--- Records for this exercise Enclosed Below ---
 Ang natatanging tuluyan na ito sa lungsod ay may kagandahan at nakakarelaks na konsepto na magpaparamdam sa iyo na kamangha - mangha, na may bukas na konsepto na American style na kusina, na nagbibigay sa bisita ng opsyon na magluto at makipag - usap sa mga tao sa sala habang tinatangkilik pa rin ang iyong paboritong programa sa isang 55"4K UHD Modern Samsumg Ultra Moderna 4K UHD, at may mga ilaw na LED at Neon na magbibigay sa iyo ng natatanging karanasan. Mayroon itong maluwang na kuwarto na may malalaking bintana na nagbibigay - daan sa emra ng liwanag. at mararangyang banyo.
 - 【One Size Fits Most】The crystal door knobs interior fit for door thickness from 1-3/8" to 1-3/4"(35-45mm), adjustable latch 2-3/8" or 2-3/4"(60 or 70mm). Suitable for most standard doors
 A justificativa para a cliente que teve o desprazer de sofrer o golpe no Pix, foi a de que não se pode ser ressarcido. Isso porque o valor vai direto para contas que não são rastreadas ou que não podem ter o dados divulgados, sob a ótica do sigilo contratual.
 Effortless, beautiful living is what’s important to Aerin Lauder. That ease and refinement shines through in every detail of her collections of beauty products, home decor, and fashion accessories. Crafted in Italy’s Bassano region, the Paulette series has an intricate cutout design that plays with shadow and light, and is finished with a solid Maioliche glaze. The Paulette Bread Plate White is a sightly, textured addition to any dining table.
--- End of Enclosed Records for this exercise ---
--- Records for this exercise Enclosed Below ---
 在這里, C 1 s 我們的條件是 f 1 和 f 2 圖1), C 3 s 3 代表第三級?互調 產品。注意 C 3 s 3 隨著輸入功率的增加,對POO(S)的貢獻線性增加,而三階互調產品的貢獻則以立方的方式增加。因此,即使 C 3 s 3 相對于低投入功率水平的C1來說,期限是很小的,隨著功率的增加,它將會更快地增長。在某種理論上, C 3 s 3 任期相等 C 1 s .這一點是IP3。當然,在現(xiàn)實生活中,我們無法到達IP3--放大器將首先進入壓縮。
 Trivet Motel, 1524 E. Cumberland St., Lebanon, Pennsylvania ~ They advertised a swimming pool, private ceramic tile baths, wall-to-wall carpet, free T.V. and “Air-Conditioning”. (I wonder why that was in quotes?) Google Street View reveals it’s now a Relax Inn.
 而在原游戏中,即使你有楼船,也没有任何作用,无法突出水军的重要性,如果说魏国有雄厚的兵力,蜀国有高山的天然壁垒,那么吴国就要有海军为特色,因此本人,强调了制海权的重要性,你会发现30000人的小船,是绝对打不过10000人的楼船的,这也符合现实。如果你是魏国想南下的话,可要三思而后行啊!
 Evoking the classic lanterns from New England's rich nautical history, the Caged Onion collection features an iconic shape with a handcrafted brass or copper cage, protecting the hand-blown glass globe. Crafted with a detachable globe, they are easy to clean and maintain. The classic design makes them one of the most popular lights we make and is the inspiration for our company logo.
--- End of Enclosed Records for this exercise ---
### Task item
Your task for the entries above: copy exactly the span starting with the line with "- 【One Size" and going on through the line with "Effortless, beautiful living", both lines included, and nothing else.

### Task output
 - 【One Size Fits Most】The crystal door knobs interior fit for door thickness from 1-3/8" to 1-3/4"(35-45mm), adjustable latch 2-3/8" or 2-3/4"(60 or 70mm). Suitable for most standard doors
 A justificativa para a cliente que teve o desprazer de sofrer o golpe no Pix, foi a de que não se pode ser ressarcido. Isso porque o valor vai direto para contas que não são rastreadas ou que não podem ter o dados divulgados, sob a ótica do sigilo contratual.
 Effortless, beautiful living is what’s important to Aerin Lauder. That ease and refinement shines through in every detail of her collections of beauty products, home decor, and fashion accessories. Crafted in Italy’s Bassano region, the Paulette series has an intricate cutout design that plays with shadow and light, and is finished with a solid Maioliche glaze. The Paulette Bread Plate White is a sightly, textured addition to any dining table.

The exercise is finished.